Dans une interview accordée au journal Le Monde, le maire de Saint-Denis, Bally Bagayoko, a fait part de son changement de position concernant le désarmement de la police municipale de la ville. Élu en mars dernier sous l’étiquette La France insoumise, il avait promis de retirer les armes des policiers municipaux, une promesse qui suscite aujourd’hui des doutes.
EN BREF
- Bally Bagayoko, maire de Saint-Denis, fait marche arrière sur le désarmement de la police.
- Il confirme le maintien des policiers municipaux et des caméras de vidéosurveillance.
- Le désarmement symbolique des agents est en cours, sans retrait complet des armes.
Lors de cet entretien, Bally Bagayoko a été interrogé sur les effets de sa promesse électorale.
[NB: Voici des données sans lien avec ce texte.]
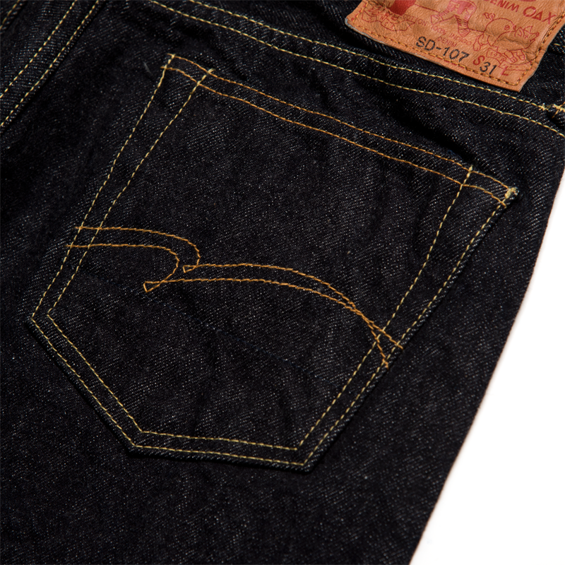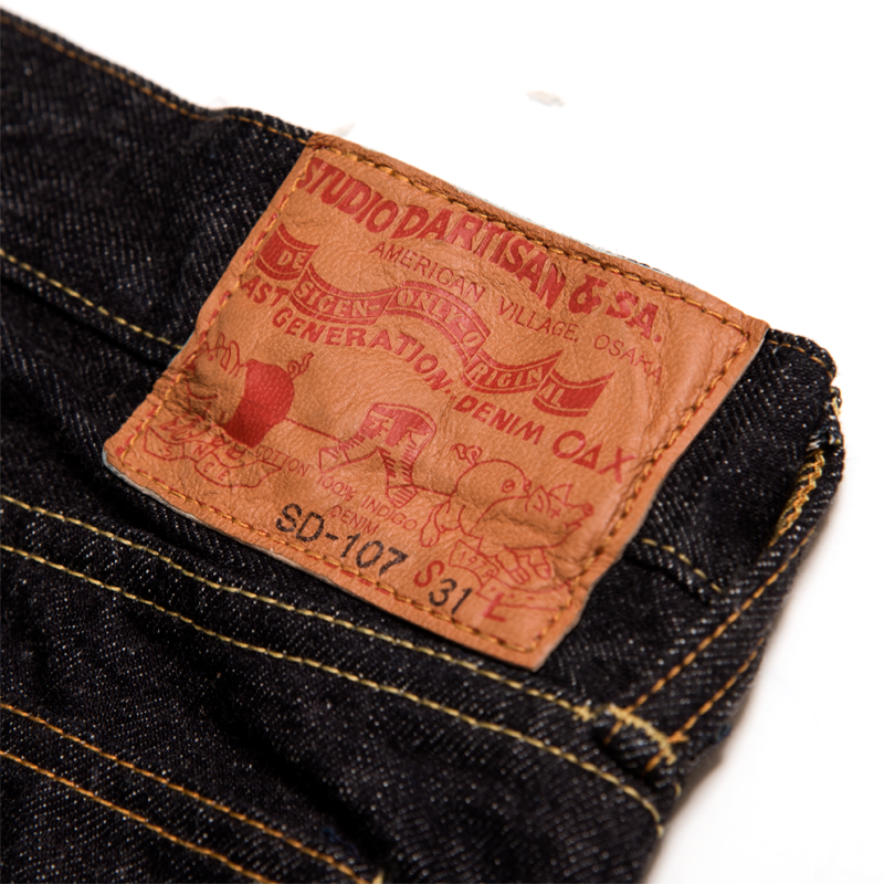 長い歴史の中で培ってきたヴィンテージの仕様をふんだんに盛り込みながら、 現代的なスーパータイトシルエットに再構築した温故知新の新定番「SD-107」。 青耳が目印の旧式織機で織り上げた15オンスの生機デニムは勿論、 トップボタン脇のV字ステッチやオフセットされたセンターベルトループ、 隠しリベットなど、スタイリッシュなシルエットに盛り込まれたこだわりの仕様。 生粋のジーンズフリークは勿論、STUDIO D'ARTISANのジーンズ初心者の方にも 「最初の1本」として自信を持ってお勧めできるプロダクトです。

Des rumeurs de mutations massives parmi les policiers municipaux circulaient, mais il a affirmé que la situation n’était pas aussi catastrophique que certains le laissaient entendre. « J’ai officiellement un départ confirmé et trois autres demandes de mutation qui viennent tout juste d’arriver. Parallèlement, nous avons reçu une douzaine de CV », a-t-il déclaré.
Il a également souligné que la question de l’armement n’est pas la seule préoccupation des agents. La rémunération constitue un autre facteur clé pour attirer et retenir le personnel. « Je vais maintenir les 135 policiers municipaux et le nombre de caméras de vidéosurveillance pendant toute la durée de mon mandat », a-t-il précisé.
Concernant le processus de désarmement, Bally Bagayoko a admis avoir besoin de réévaluer la stratégie. « Nous allons revoir la doctrine pour que notre police municipale soit davantage une police de proximité », a-t-il indiqué. En ce qui concerne l’utilisation des lanceurs de balles de défense (LBD), il a expliqué : « Nous n’avons pas retiré les LBD, nous avons juste dit : pas de LBD dans l’espace public. Ils restent dans la voiture, sauf si les circonstances le requièrent. »
Cette déclaration souligne l’ambiguïté de sa position sur le sujet. Bien que les policiers ne portent pas ces armes lors des missions ordinaires, ils restent cependant équipés en cas de besoin. « C’est en réalité un acte symbolique, car les agents l’utilisent rarement », a-t-il ajouté, renforçant l’idée que, même si le désarmement n’est pas total, un changement de mentalité est en cours.
En conclusion, bien que Bally Bagayoko ait pris des engagements forts durant sa campagne, la réalité sur le terrain semble plus complexe. La question de l’armement de la police municipale de Saint-Denis reste donc un sujet délicat, qui nécessite un équilibre entre sécurité publique et proximité avec les citoyens. Le maire devra naviguer avec prudence entre ces deux impératifs au cours de son mandat.